Aussi les propos du T. P. M. Du Roy m'étonnent de la part d'un
frère
instruit qui, quand il combattait nos établissements, me reprochait des
vues semblables à celles qu'il aurait aujourd'hui. Cependant voyez et instruisez-moi
de sa façon d'agir envers nos membres, et je vous exhorte à veiller
à ce que tous nos postulants aient bien reçu leurs instructions
dans le
symbolique, ou qu'ils les reçoivent comme émules selon ce
que j'ai mandé à mon T. S. de
Paris. Pour le reste faites-en la
collation selon mes propres instructions et avec le cérémonial que
vous aurez du P. M. Substitut.
Faute de quoi vous ferez des membres sans aucun des pouvoirs
de leur grade et (qui) ne seront d'aucune utilité à l'Ordre encore
qu'on les avance après de semblables profanations, et ainsi vous n'auriez
pas nui à l'Ordre seul mais plus gravement aux sujets désireux de
s'instruire et de progresser dans le bien. De plus, vous ne devez pas prendre
exemple sur ma bien trop grande facilité à récompenser le
bon vouloir de quelques émules qui ne remplissaient pas les conditions
; mais vous souvenir de tous les ennuis que m'a procurés cette facilité
et cela lors de nos établissements de
Bordeaux et dans la personne des
sieurs
Lardy, Duguers (Bonnichon) et autres, par suite de quoi je me suis résolu
à abandonner au conseil de mes T. S. tout ce qui m'est adressé.
C'est un pâtiment auquel je me résigne volontiers dans l'intérêt de l'Ordre. »
Votre affectionné
frère et maître
DON MARTINÈS DE PASQUALLY. G. S.
[Note de l'auteur : Extrait d'une lettre inédite au frère De Gaicheux,
du 16 novembre 1773. Anciennes archives Villaréal. D. IX.]

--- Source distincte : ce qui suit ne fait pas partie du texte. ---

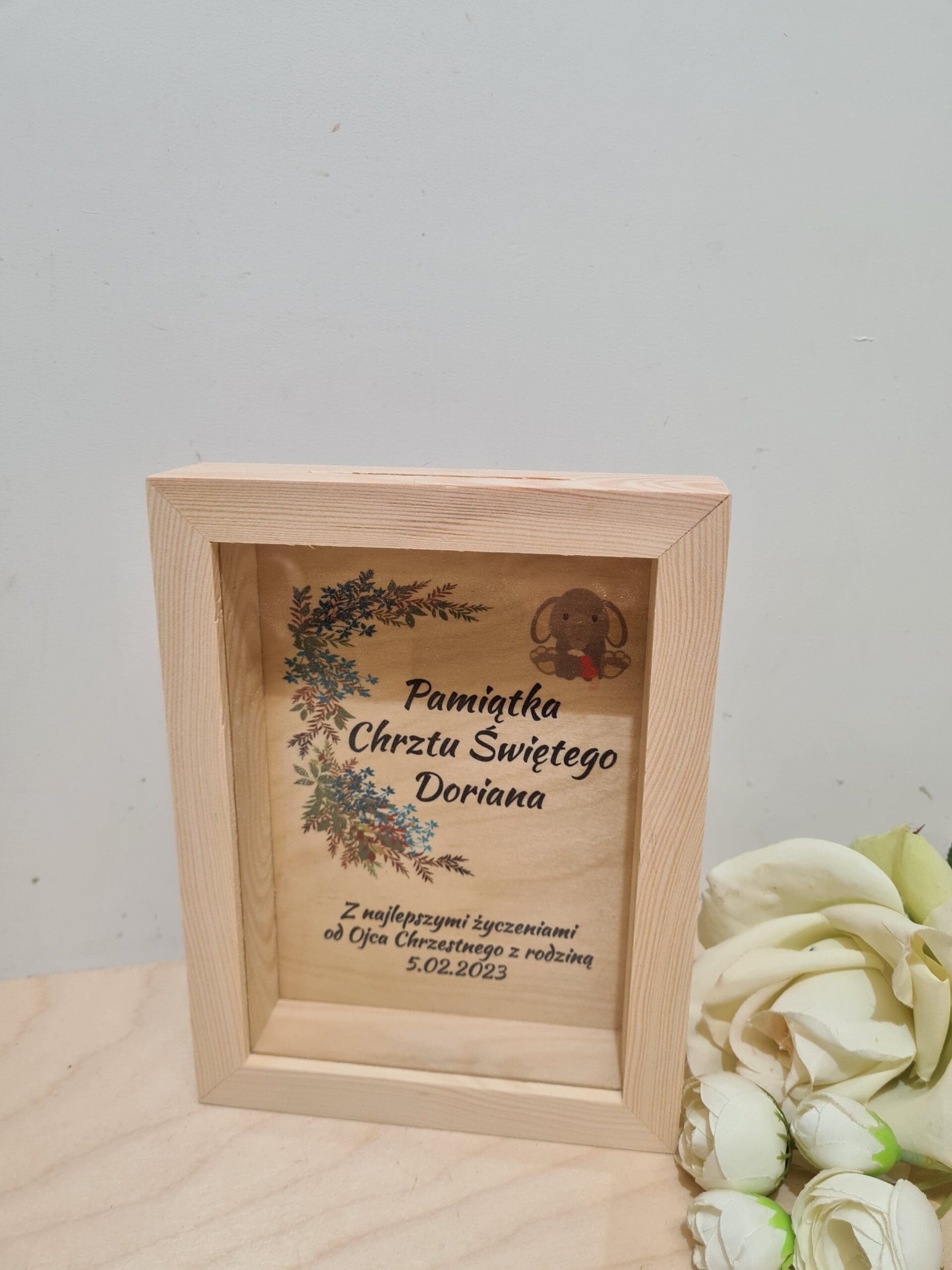 Szukasz wyjątkowego prezentu na chrzest, który będzie jednocześnie pamiątką na lata? Nasza drewniana skarbonka 3D na chrzest w kształcie uroczego słonika to idealny wybór! Personalizowana szybką z imieniem dziecka sprawia, że prezent staje się jeszcze bardziej wyjątkowy. Skarbonka nie tylko uczy maluszka oszczędzania, ale również pięknie ozdobi jego pokój.

On voit d'après cet extrait que, déjà
à la fin de 1773, le
frère du Roy d'
Hauterive semblait considérer
le cérémonial des divers grades comme une chose fort accessoire,
et cherchait très probablement à faire partager son opinion par quelques membres de l'Ordre. Ce qui est certain,
c'est que d'
Hauterive se sépara de l'Ordre quelques années plus
tard ; et l'on peut se demander s'il n'y a pas une relation entre
les tendances manifestées par d'
Hauterive en 1773 et la ligne de conduite
que devait tenir
Saint-Martin dans la suite.
Le fait est qu'un peu avant la mort de Martinès de
Pasqually,
Saint-Martin se rendit à
Lyon où il fit avec d'
Hauterive
une série de conférences dans la loge de Willermoz
[Note
de l'auteur : Parmi ces conférences, celle intitulée : « Des
voies de la Sagesse » nous a été conservée. On
n'y trouve que des pensées morales, sans aucune question dogmatique.],
La Bienfaisance, et où il écrivit son premier livre intitulé
des Erreurs et de la Vérité
: « C'est à
Lyon, dit-il, que j'ai écrit le livre intitulé
des Erreurs et de la Vérité
je l'ai écrit par désuvrement et par colère contre
les philosophes. J'écrivis d'abprd une trentaine de pages, que je montrai
au cercle que j'instruisais chez M. de Villermas (
sic), et l'on m'engagea à
continuer. Il a été
composé vers la fin de 1773 et le commencement
de 1774, en quatre mois de temps, et auprès du
feu de la cuisine, n'ayant
pas de
chambre où je pusse me chauffer. Un
jour même, le pot de la
soupe se renversa sur mon pied et le brûla assez fortement. »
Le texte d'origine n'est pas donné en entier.